Local performance index should be constructed first when designing distributed optimal controllers for heavy haul trains. The subsystems in the train work in a team to track a desired speed profile. At the same time, each of them tries to minimize the energy consumption and in-train forces at the cost of increasing others, which is very complex and difficult. Game strategy is an efficient method to solve these types of problems with conflict benefits [8]. Distributed optimal control problem was solved by game strategy for multiagent system in some works [9–11].

In [9], a noncooperative game was designed to distributed optimization with fixed local communication. The authors design estimators to estimate other players’ states which make the controller compute heavily. Since there is information exchange among the players, there is no need to design so many estimators. A most related work is done in [10], which brings together cooperative control, reinforcement learning, and game theory to solve multiplayer differential games on communication graph topologies. It formulates graphical games for dynamic systems and provides policy iteration and learning algorithms along with proof of convergence to the Nash equilibrium. Since there are communications, the subsystems cooperate to track the target speed.

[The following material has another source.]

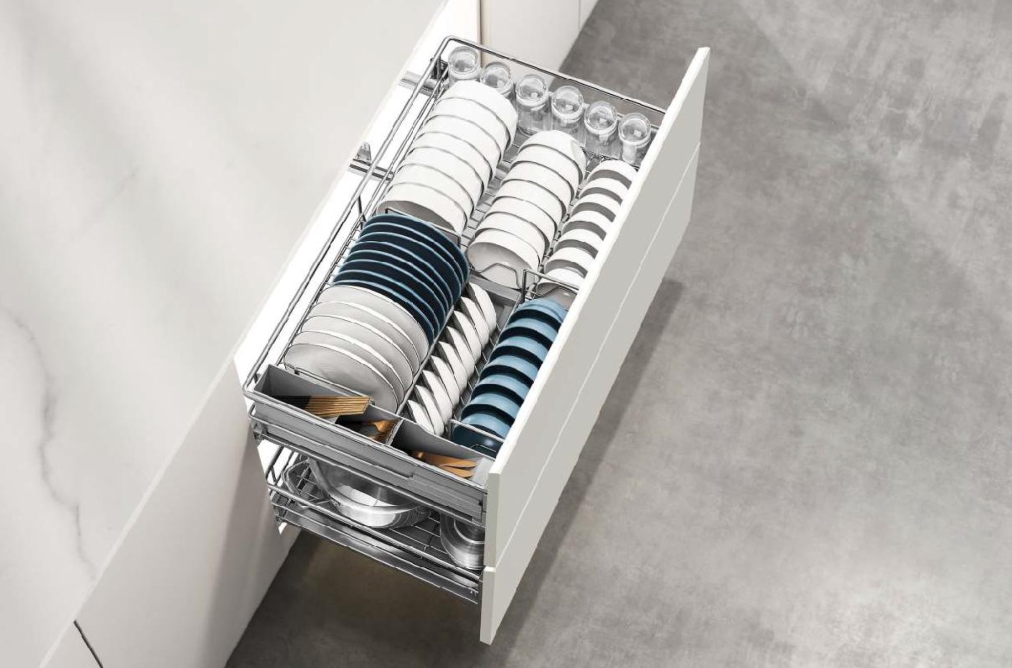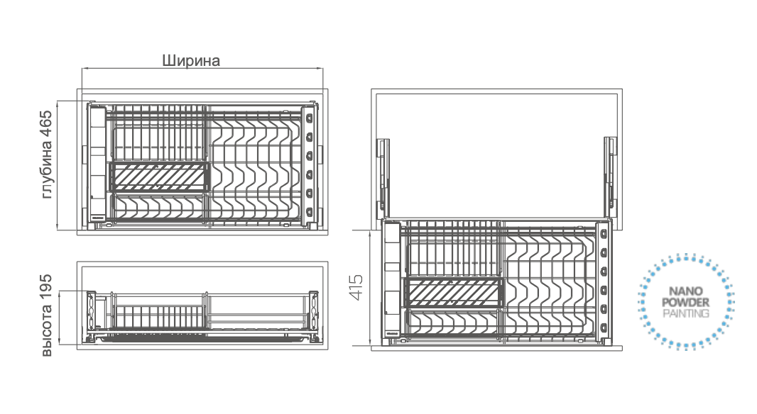 Новый дизайн модульа позволяет увеличить пространство для хранения посуды, делая хранение более удобным и практичным.

A differential game in the sense of cooperation is constructed in [12] and Pareto equilibrium is further studied for cooperative game [13]. Analysis of convergence to Pareto equilibrium was done and the necessary and sufficient conditions were derived. It showed that if the dynamic system is controllable then all Pareto candidates can be obtained by solving the necessary conditions of a weighted sum optimal control problem. However, this is done offline and global information is required.

In this paper, we made an improvement on these works. We propose a novel distributed optimal control based on game strategy, in which the global optimization is achieved by equilibrizing subsystems’ performance just utilizing local information. To online solve the game, an efficient multivariable extremum seeking algorithm was adapted to approximate the partial differential equation deduced by optimality condition. The proposed controller is applied to heavy haul trains with second order interconnected model.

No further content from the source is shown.